Instructions for the task =
Give back every line of the material below exactly, but no images.

Provided data =
-- Opening Marker --

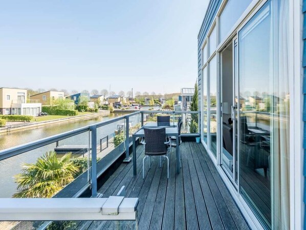 Cette maison insulaire indépendante avec salon au premier étage et chambres au rez-de-chaussée a un intérieur très complet. Zuidvlije 73 est adapté pour 6 personnes et comprend 3 chambres, 1 salle de bain, des toilettes séparées et une cuisine avec une cuisinière à gaz à 4 feux, un four à micro-ondes combiné, un réfrigérateur avec compartiment congélateur, une cafetière à dosettes, un lave-vaisselle et une bouilloire. Le salon lumineux au premier étage dispose d'un coin salon confortable, d'un coin repas, d'une télévision (télévision interactive de KPN) et vous donne accès à la spacieuse terrasse sur le toit avec des escaliers menant au jardin. La salle de bain a une douche et un lavabo. Les chambres sont réparties comme suit : 2 chambres au rez-de-chaussée avec lits superposés, 1 chambre au rez-de-chaussée avec lit double. Le service de fabrication de lit peut être réservé ! Depuis le grand jardin, vous avez une vue sur l'eau. Une largeur d'amarrage de 12 mètres, une prise de quai pour charger les batteries du bateau, un parking sur place, un stockage intérieur, une machine à laver et une connexion Internet gratuite sont disponibles.
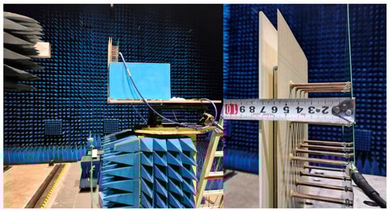 To verify the actual engineering characteristics of the simulated TCDA, a 4 × 4 array is manufactured and tested in an anechoic chamber. Benefiting from the dedicated feed network design, the number of feed ports was reduced from 32 to only 2. Unlike when using phase-shifted transmission lines [22], this paper’s specific method is to divide the signal from the source into two equal amplitude and phase signals through a power divider. Then, connect four phase shifters in series to one of the signals. By respectively adjusting the phase shifters at each test frequency point, the phase differences between the two signals are moved to 180°.
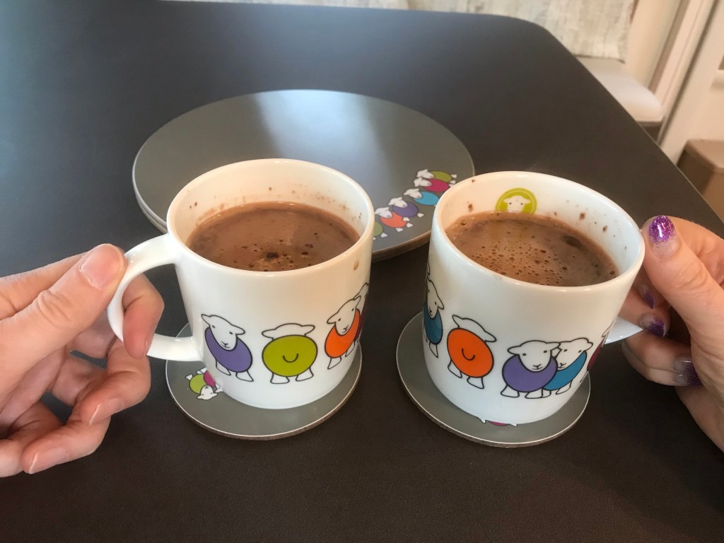 Hot chocolate back in Herdy. Back before the rain started, snuggled up with a hot drink.
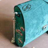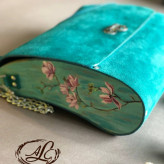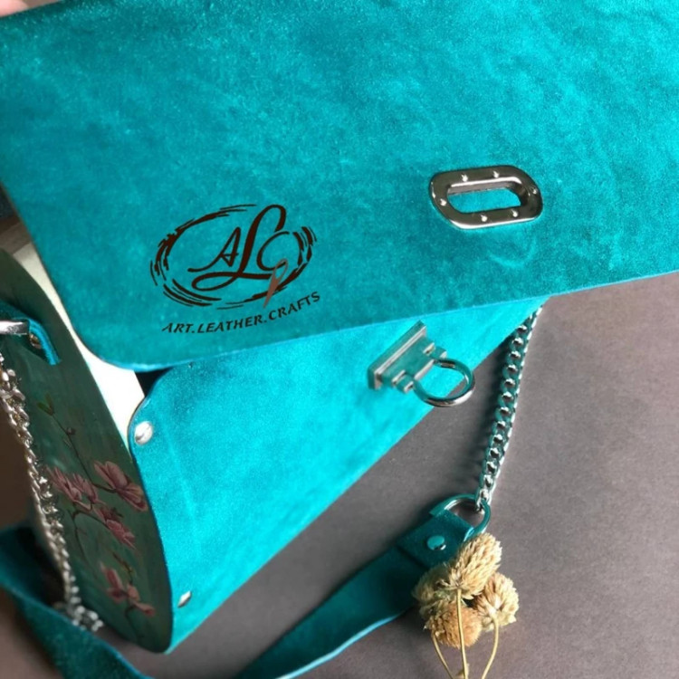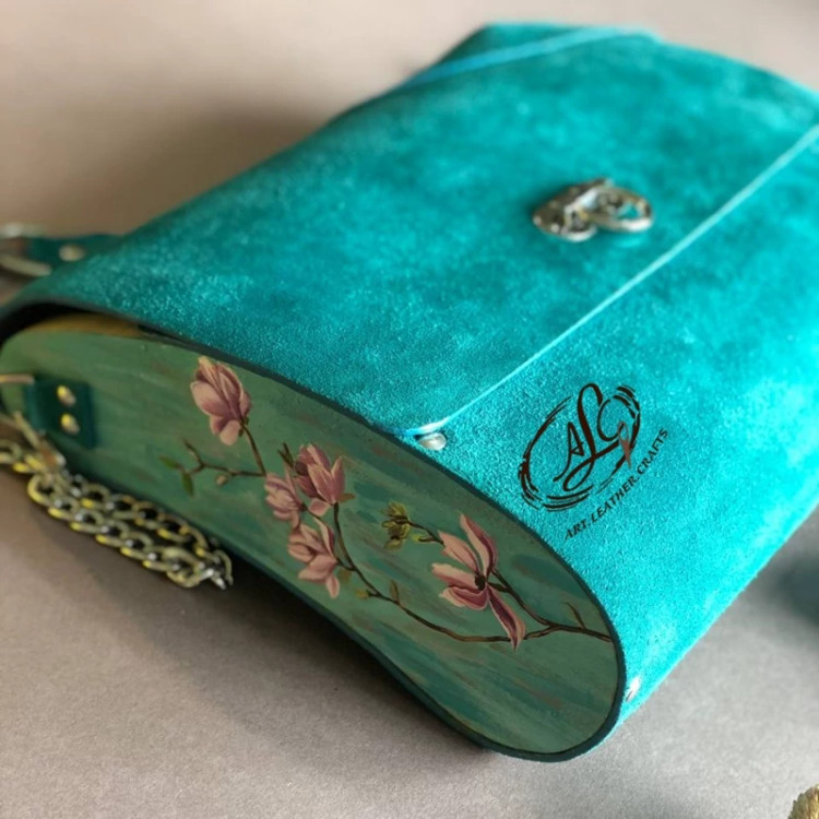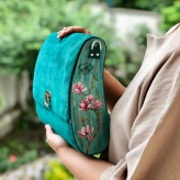 کیف رودوشی زنانه طرح گل یاس چرم طبیعی گاوی درجه یک تماما دستدوز است که در کناره کیف از چوب نراد طراحی شده توسط تیم چرم خلاق استفاده شده که روی چوب ها نقاشی دست با رنگ آکرولیک کار شده و تمامی چوب ها دارای پوشش نانو ضد آب و خش است.

-- Closing Marker --

Solution =
 Cette maison insulaire indépendante avec salon au premier étage et chambres au rez-de-chaussée a un intérieur très complet. Zuidvlije 73 est adapté pour 6 personnes et comprend 3 chambres, 1 salle de bain, des toilettes séparées et une cuisine avec une cuisinière à gaz à 4 feux, un four à micro-ondes combiné, un réfrigérateur avec compartiment congélateur, une cafetière à dosettes, un lave-vaisselle et une bouilloire. Le salon lumineux au premier étage dispose d'un coin salon confortable, d'un coin repas, d'une télévision (télévision interactive de KPN) et vous donne accès à la spacieuse terrasse sur le toit avec des escaliers menant au jardin. La salle de bain a une douche et un lavabo. Les chambres sont réparties comme suit : 2 chambres au rez-de-chaussée avec lits superposés, 1 chambre au rez-de-chaussée avec lit double. Le service de fabrication de lit peut être réservé ! Depuis le grand jardin, vous avez une vue sur l'eau. Une largeur d'amarrage de 12 mètres, une prise de quai pour charger les batteries du bateau, un parking sur place, un stockage intérieur, une machine à laver et une connexion Internet gratuite sont disponibles.
 To verify the actual engineering characteristics of the simulated TCDA, a 4 × 4 array is manufactured and tested in an anechoic chamber. Benefiting from the dedicated feed network design, the number of feed ports was reduced from 32 to only 2. Unlike when using phase-shifted transmission lines [22], this paper’s specific method is to divide the signal from the source into two equal amplitude and phase signals through a power divider. Then, connect four phase shifters in series to one of the signals. By respectively adjusting the phase shifters at each test frequency point, the phase differences between the two signals are moved to 180°.
 Hot chocolate back in Herdy. Back before the rain started, snuggled up with a hot drink.
 کیف رودوشی زنانه طرح گل یاس چرم طبیعی گاوی درجه یک تماما دستدوز است که در کناره کیف از چوب نراد طراحی شده توسط تیم چرم خلاق استفاده شده که روی چوب ها نقاشی دست با رنگ آکرولیک کار شده و تمامی چوب ها دارای پوشش نانو ضد آب و خش است.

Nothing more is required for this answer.